**TASK STATEMENT**
Only the lines below between the ones containing "8月6日,在美國紐約,一名攝" and "Emotional Support Dog Registration for Luna", inclusive, are to be reproduced, each exactly as it stands.

╭─ DATASET EXCERPTS

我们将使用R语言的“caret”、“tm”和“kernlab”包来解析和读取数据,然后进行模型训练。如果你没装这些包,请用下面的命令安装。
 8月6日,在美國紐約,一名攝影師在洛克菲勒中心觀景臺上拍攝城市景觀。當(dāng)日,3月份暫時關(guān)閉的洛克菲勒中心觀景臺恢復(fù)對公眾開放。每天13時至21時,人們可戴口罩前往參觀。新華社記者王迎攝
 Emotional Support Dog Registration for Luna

╰─
╭─ DATASET EXCERPTS

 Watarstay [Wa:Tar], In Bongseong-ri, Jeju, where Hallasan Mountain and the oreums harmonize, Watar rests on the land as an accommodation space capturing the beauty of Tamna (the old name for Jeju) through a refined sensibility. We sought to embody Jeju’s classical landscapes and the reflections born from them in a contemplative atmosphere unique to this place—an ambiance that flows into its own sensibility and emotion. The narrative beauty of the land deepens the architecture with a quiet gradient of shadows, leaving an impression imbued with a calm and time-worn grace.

╰─

**ANSWER TO THIS EXERCISE**
 8月6日,在美國紐約,一名攝影師在洛克菲勒中心觀景臺上拍攝城市景觀。當(dāng)日,3月份暫時關(guān)閉的洛克菲勒中心觀景臺恢復(fù)對公眾開放。每天13時至21時,人們可戴口罩前往參觀。新華社記者王迎攝
 Emotional Support Dog Registration for Luna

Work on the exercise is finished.